Обращаясь к ней, она писала:
«Я понимаю, что моя благодарность запоздала, но только теперь я стала понимать, чем я обязана Хитер и другим сестрам, заботившимся о Кевине. Только благодаря им он смог пройти через все страдания».
Видя его замешательство, Хитер улыбнулась.
— Для нас главнее всего было увидеть этого замечательного малыша здоровым. Мы, как и все люди, мистер Уинтер, любим истории с хорошим концом. Только это и поддерживает нас в нашей работе. — Она перевела взгляд на Кевина, и ее голос заметно смягчился. — Но все наши усилия ничто по сравнению с тем, что для Кевина сделала Крис. Она неотрывно была рядом с ним и рассказывала, какие замечательные вещи ждут его дома: разноцветные бабочки, яркая радуга, всякие вкусности и многое, многое другое. Я думаю, она спасла малыша, вселив в него надежду, желание жить.
Крис действительно писала в дневнике, что она обещала показать Кевину и снег, и облака — все, чего он не мог увидеть из своей кроватки.
— Пожалуйста, называйте меня по имени, — попросил Мейсон.
— Посмотри, что мне принесла Хитер, — воскликнул Кевин, потрясая кипой детских книжек.
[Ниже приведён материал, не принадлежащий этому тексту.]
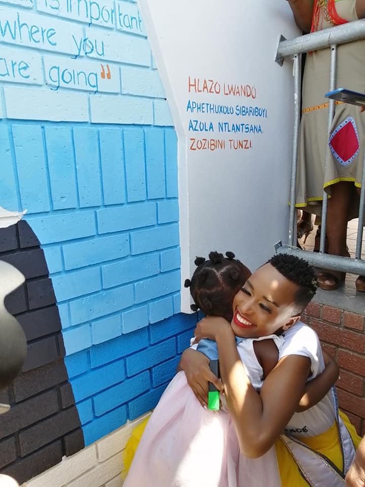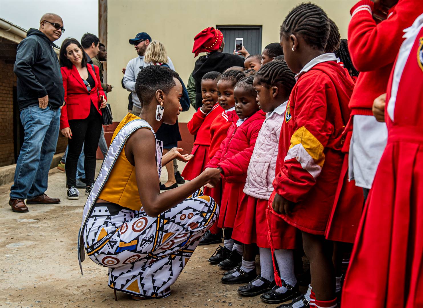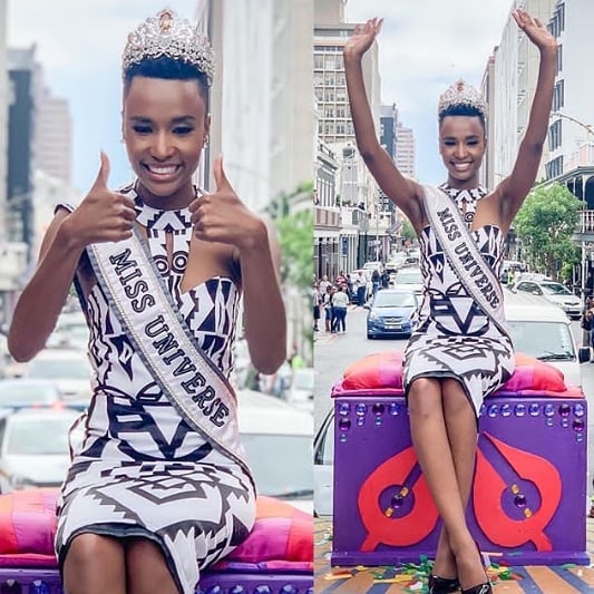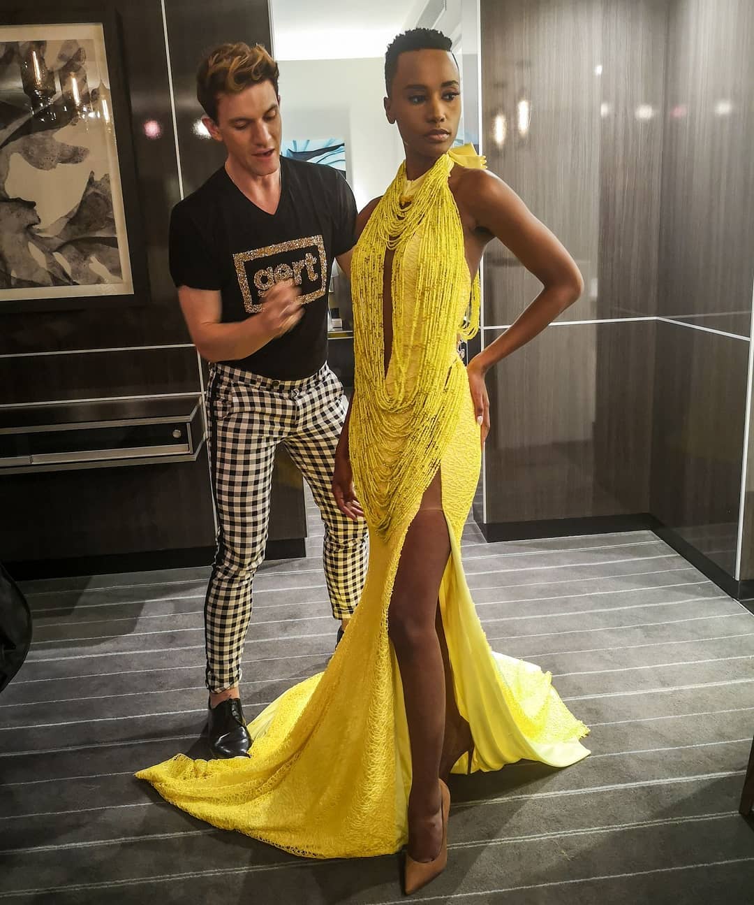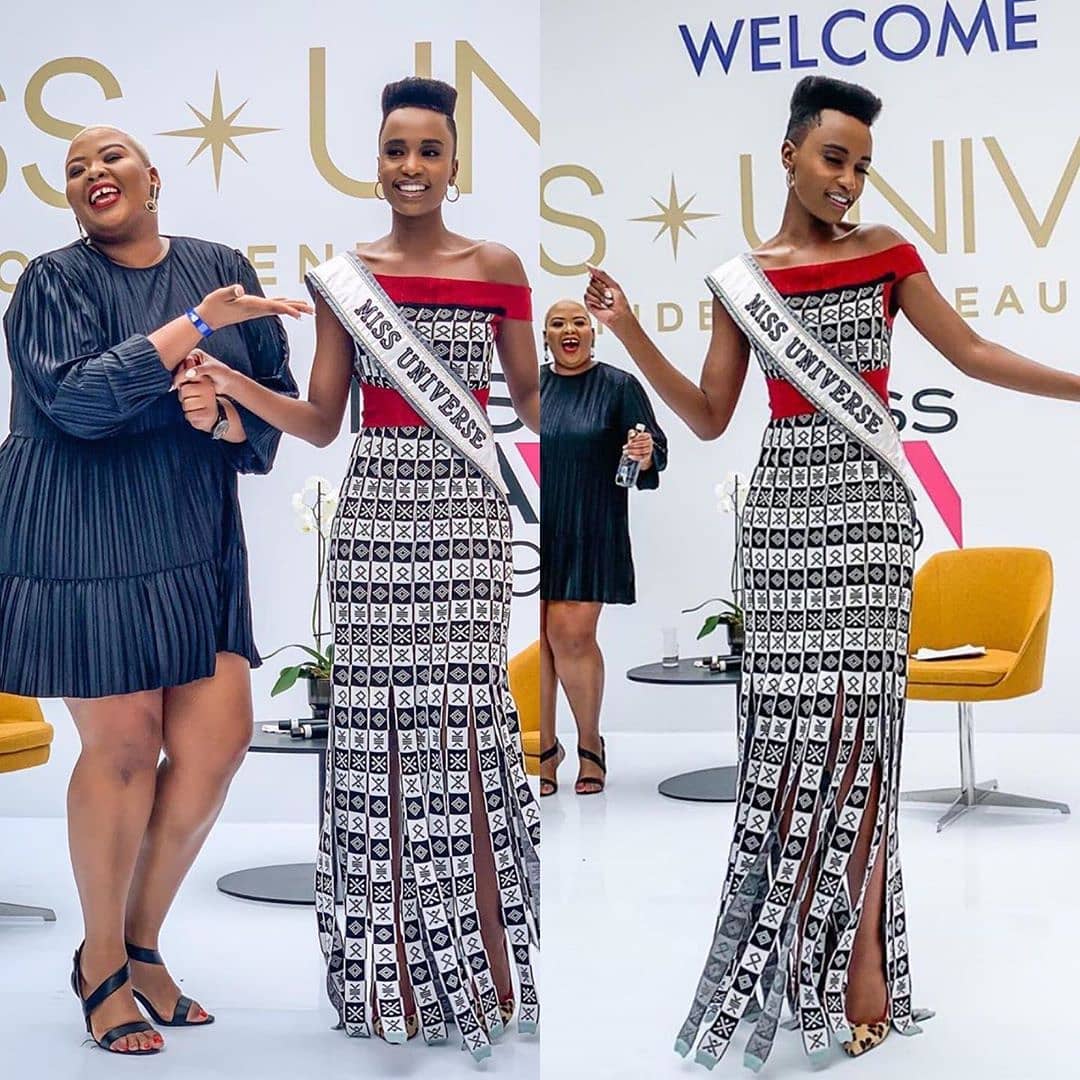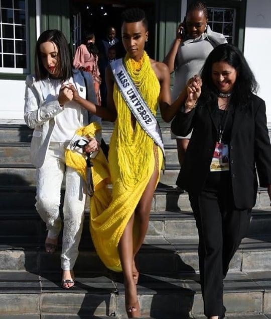 Hình ảnh Zozibini Tunzi được ê kíp chăm sóc tận chân tơ kẽ tóc khi ở quê nhà.
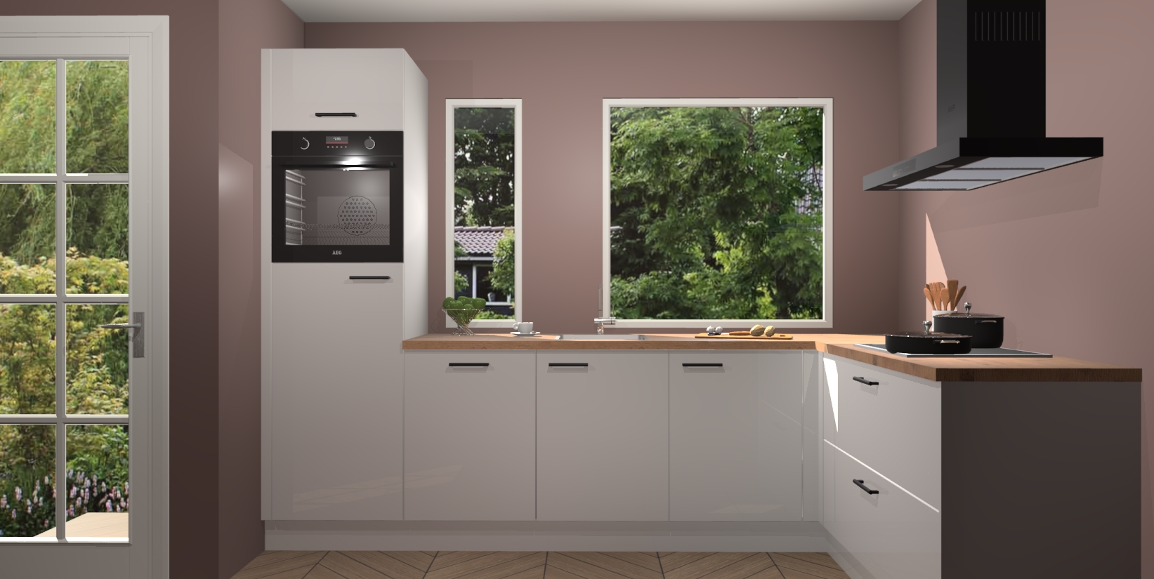 Deze complete keuken wordt geleverd met 5 inbouwapparaten: een oven, inductiekookplaat, afzuigkap, vaatwasser en koelkast. De toestellen kunnen na bestelling ook gemakkelijk worden opgewaardeerd naar AEG. Bovendien is elke deur in deze keuken voorzien van handige softclose technologie voor eenvoudig gebruik! Als een leuke toevoeging zit in deze keuken ook een carrousel, zo hoef je niet meer de hoek in duiken om iets te pakken.

В ответ на благодарный взгляд Мейсона Хитер небрежно пожала плечами:
— За последние три года я ни разу не видела Кевина без книжки в руках, поэтому, прежде чем идти к нему, заглянула в книжный киоск, благо он работает круглосуточно.
Она взяла свою сумку и пробормотала:
— Я, пожалуй, пойду. Если мой муж проснется раньше, чем я вернусь, он будет волноваться. Не хочу доставлять ему беспокойство.
— Ты завтра придешь? — спросил Кевин.
— Можешь не сомневаться, — ответила Хитер и поцеловала его в макушку.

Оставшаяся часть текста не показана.